Des gens provenant des quatre coins d’Afrique m’écrivaient des mails ou m’ajoutaient sur Facebook. « Il suffit de changer les noms pour se rendre compte qu’il s’agit de nous dont on parle », disent les lecteurs de Soudan, Zambie, Malawi, Nigéria et Zimbabwe. Mais les messages ne provenaient pas seulement du continent africain car la situation décrite dans les pages du livre n’est pas exclusivement africaine. J’ai eu vent de Malaisiens, Bangladeshis et Croates. « C’est ma société qui y est décrite », affirment-ils.

Et maintenant le printemps arabe apporte toute une série d’échos.
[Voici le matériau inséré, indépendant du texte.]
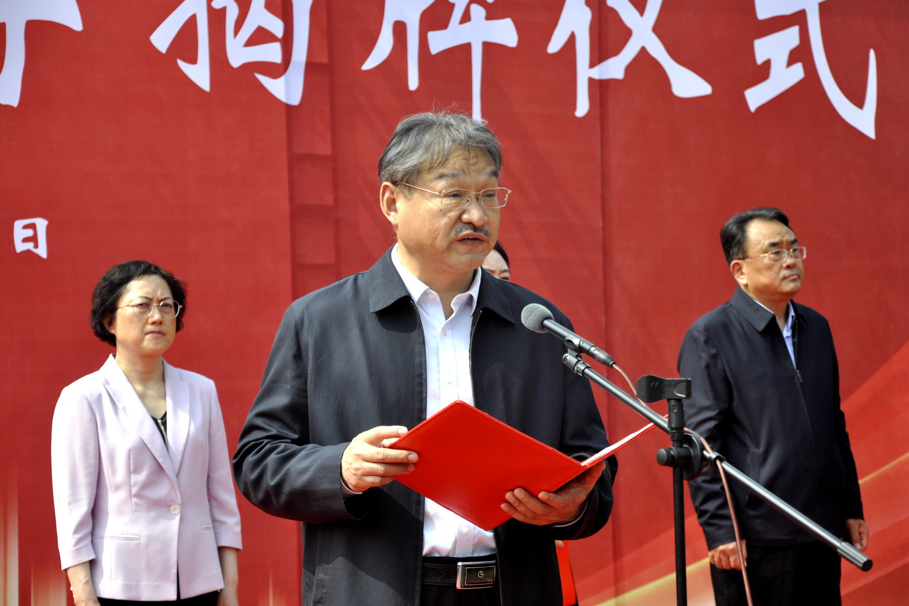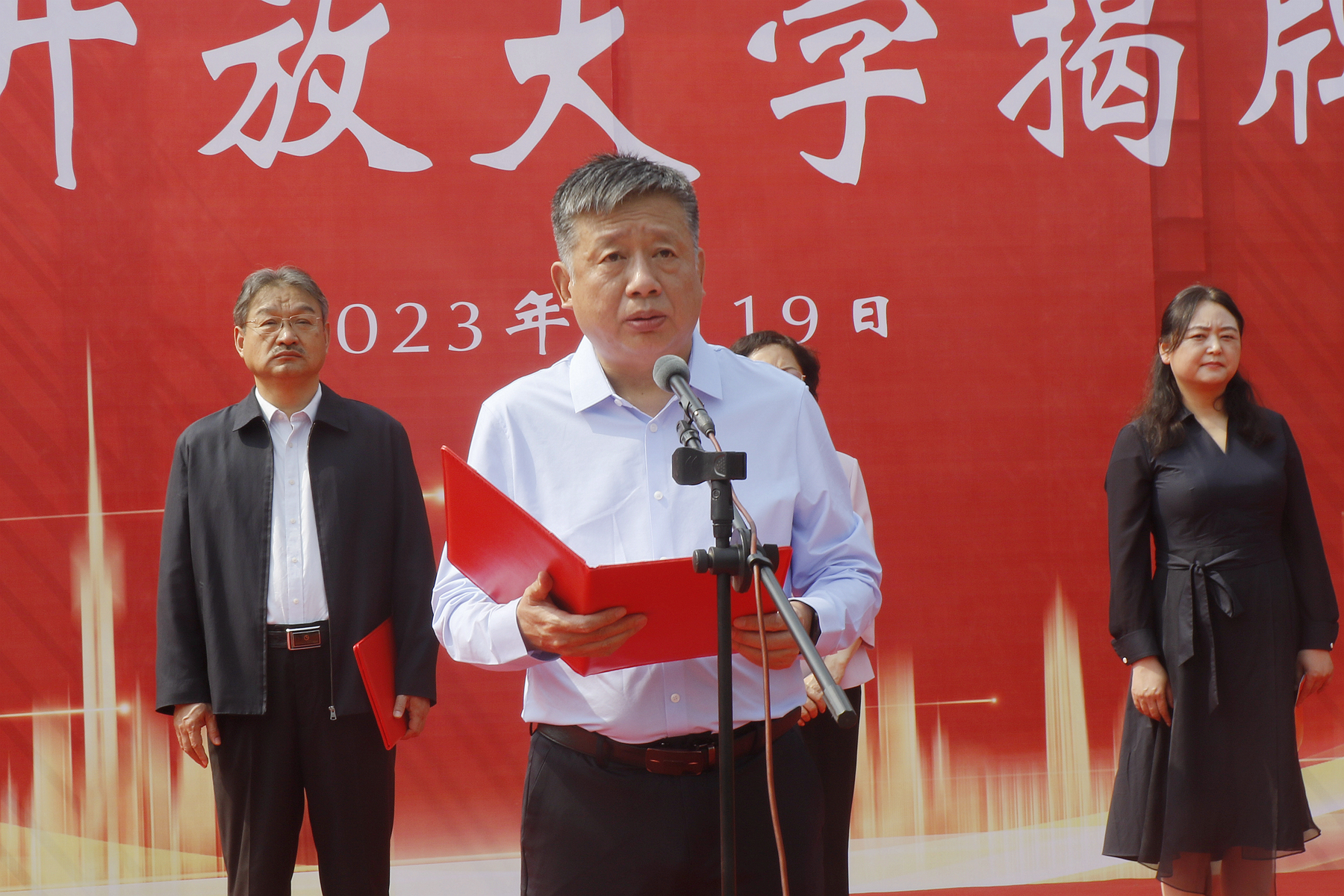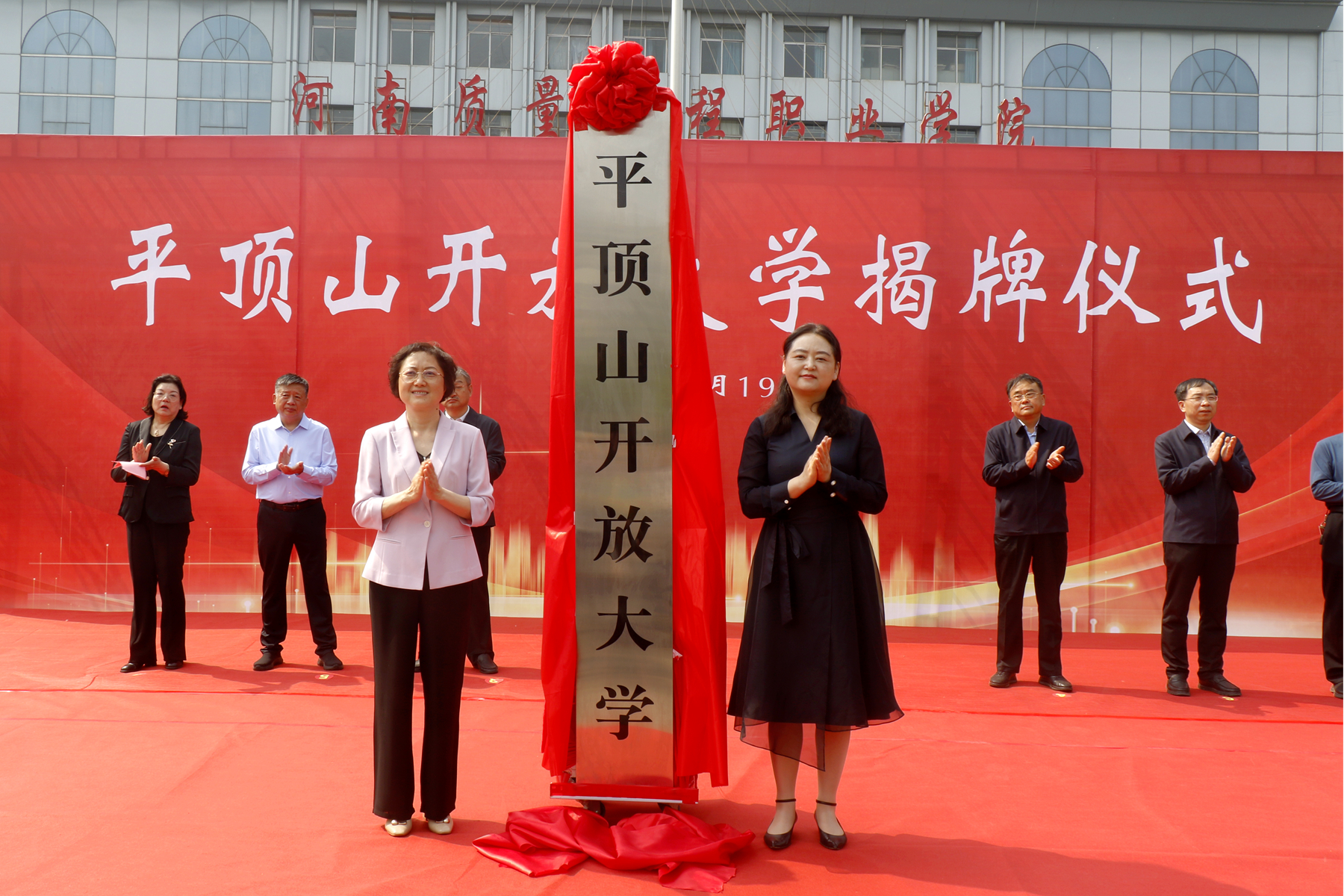 仪式上,赵继红和史晓天共同为平顶山开放大学揭牌。张昌升宣读了《平顶山市人民政府关于将平顶山广播电视大学更名为平顶山开放大学的批复》。

L’indignation due aux systèmes corrompus de l’État et le mépris pour les élites qui en bénéficient est l’un des facteurs qui ont amené les jeunes à se jeter aux rues et places d’Égypte, de la Tunisie et la Syrie. Ce qui est en train de se passer au Maghreb et dans le Proche Orient illustre un des points clés que je soutiens dans ce livre, le fait que la corruption - qui, trop de fois, est écartée par les experts en développement parce que considérée comme quelque chose de banal et manquant d’intérêt - fait plus de dégâts que le seul fait de corroder les fondements de l’économie d’un pays. Si on reste trop de temps sans rien faire, cela peut mener à la violente implosion d’un pays.

John Githongo a commencé à travailler en tant que chroniqueur dans une revue et il s’est par la suite reconverti en directeur de la délégation au Kenya de Transparence Internationale, l’organisation anticorruption. Quand l’opposition a gagné les élections de 2002, John a été nommé tsar de l’anticorruption par le nouveau président, Mwai Kibaki. L’opposition avait gagné les comices avec la promesse de balayer la corruption ayant duré 24 ans sous Daniel Arap Moi. Les Kenyans euphoriques ont affirmé qu’il était temps d’éradiquer la culture du kitu kidogo, par laquelle chaque transaction officielle requiert le paiement d’un « petit détail », qui se compte en millions de dollars pour les niveaux supérieurs du gouvernement.

L’une des grandes décisions que John a rapidement dû prendre était celle de savoir si son travail allait être ethniquement sensible. John était kikuyu, faisant partie de la même communauté ethnique que Kibaki. Son père a recueilli des fonds politiques pour Kibaki, et il provient du même petit cercle social aisé. John savait que ce qui existe au Kenya est un système rotatif d’élites tribales qui savent que le fait de contrôler la présidence, un ministère capital ou une entreprise paraétatique, leur donne le droit de manger.

« Manger » est un euphémisme magnifique pour « se gaver aux dépens du public ». Tout grand homme politique dit à sa communauté ethnique : « Votez pour moi, et je donnerai un emploi à nos enfants, des contrats à nos entrepreneurs et investirai dans notre district, sans tenir compte du mérite ou de l’expérience. Et si je grossis, ou si vous me voyez acheter des voitures magnifiques et construire de grandes villas, ou si vous voyez ma femme et mes filles allant faire les boutiques à Manhattan et Londres, faites semblant de n’avoir rien vu. Parce que tout cela fait partie du procédé. La vérité est que je suis en train de voler pour nous tous ». Tout cela relève de l’avarice personnelle déguisée en devoir civique, de noble service envers la tribu.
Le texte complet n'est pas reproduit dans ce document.